Cost accountability with pharmacy benefit managers
A key concern raised in recent litigation over fiduciary governance is the need for effective evaluation and oversight of PBMs to ensure fiduciary compliance. With pharmacy benefits accounting for 30% of total health plan costs, addressing high costs with responsible PBM oversight is a legal obligation for plan sponsors. However, managing the complexities of the PBM industry is challenging due to its concentration and vertical integration. The top three PBMs control over 80% of the market, creating obstacles for plan sponsors seeking transparency and value.
Because of this market dominance, securing cost efficiency aligned with fiduciary responsibilities requires employers to make thorough assessments and competitive evaluations of service providers to ensure effectiveness and value. Employers can accomplish this by partnering with independent experts who aren’t tied to PBMs, helping to ensure unbiased evaluations. They can assess PBMs for cost and value with requests for proposals and market checks. Finally, plan sponsors should have a full understanding of PBM contracts and monitor costs, including administrative fees, dispensing fees, and utilization of rebates.
What else can employers do?
Transparency really means clarity. It’s an insight into what things cost and how they work.
When it comes to transparency in health and welfare benefits, there’s a lot of talk about… allowing patients access to information, the cost of a covered item or service, and the quality of care ahead of time. For the employer, as plan sponsor, having this information is essential to protecting plan participants and beneficiaries. It can help ensure that benefits are paid for the exclusive benefit of these individuals, the “prudent expert standard” is utilized, only reasonable fees to service providers are paid, plan documents are followed, and more. These are all part of ERISA’s required fiduciary duties.
So, what can employers do to be certain they’re doing everything possible to be a good fiduciary? The five main duties first established by ERISA more than 50 years ago continue to exist:
To act only for the benefit of participants/beneficiaries (which is known as “duty of undivided loyalty”)
To act for the exclusive purpose of providing plan benefits or defraying reasonable expenses of plan administration (which is the exclusive benefit rule)
To perform duties with the care, skill, prudence and diligence of a subject matter expert (that’s the prudent expert rule)
To diversify plan assets to minimize the risk of large losses
And, finally, to follow the terms of the plan.

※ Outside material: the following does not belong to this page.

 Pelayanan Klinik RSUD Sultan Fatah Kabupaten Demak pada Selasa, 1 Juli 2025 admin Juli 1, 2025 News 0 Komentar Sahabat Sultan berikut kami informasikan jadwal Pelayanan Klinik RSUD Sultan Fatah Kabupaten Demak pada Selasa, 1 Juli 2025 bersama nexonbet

Of course, the Affordable Care Act and CAA have expanded on obligations to lead to better transparency of costs and quality of care, and to ensure that plan sponsors and participants/beneficiaries have access to this information. Advances in technology over the years have enabled plan sponsors to have more information at their fingertips, which in turn has raised expectations for higher levels of transparency and monitoring of costs.

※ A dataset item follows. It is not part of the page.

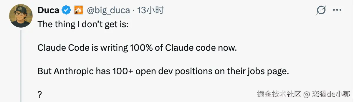 这是一个非常有意思的话题,近日有人对 Anthropic 发出了灵魂质问,既然 Claude Code 已经能 100% 自己给自己写代码,那么为什么 Anthropic 还有上百个工程师的岗位空缺:

An obligation and an opportunity
Taking a more active role in safeguarding and controlling costs in their health and welfare plans can be a lot to unpack for employers. But it can create some opportunities as well. If executed with care and consistency, fiduciary governance can:
Help an organization manage plan cost, and eventually lead to cost savings.
Help to improve benefits and care for employees.
Apply pressure through oversight on players like PBMs that are contributing to the rising health care costs.
This flips the switch from the risk of lawsuit or regulatory action towards the opportunity of providing plan participants with a more cost-efficient, trusting and transparent environment –and a more rewarding experience overall.
Most importantly, plan sponsors do not have to go it alone in this journey. There are resources available to help employers understand how to implement a rigorous and reliable fiduciary governance process.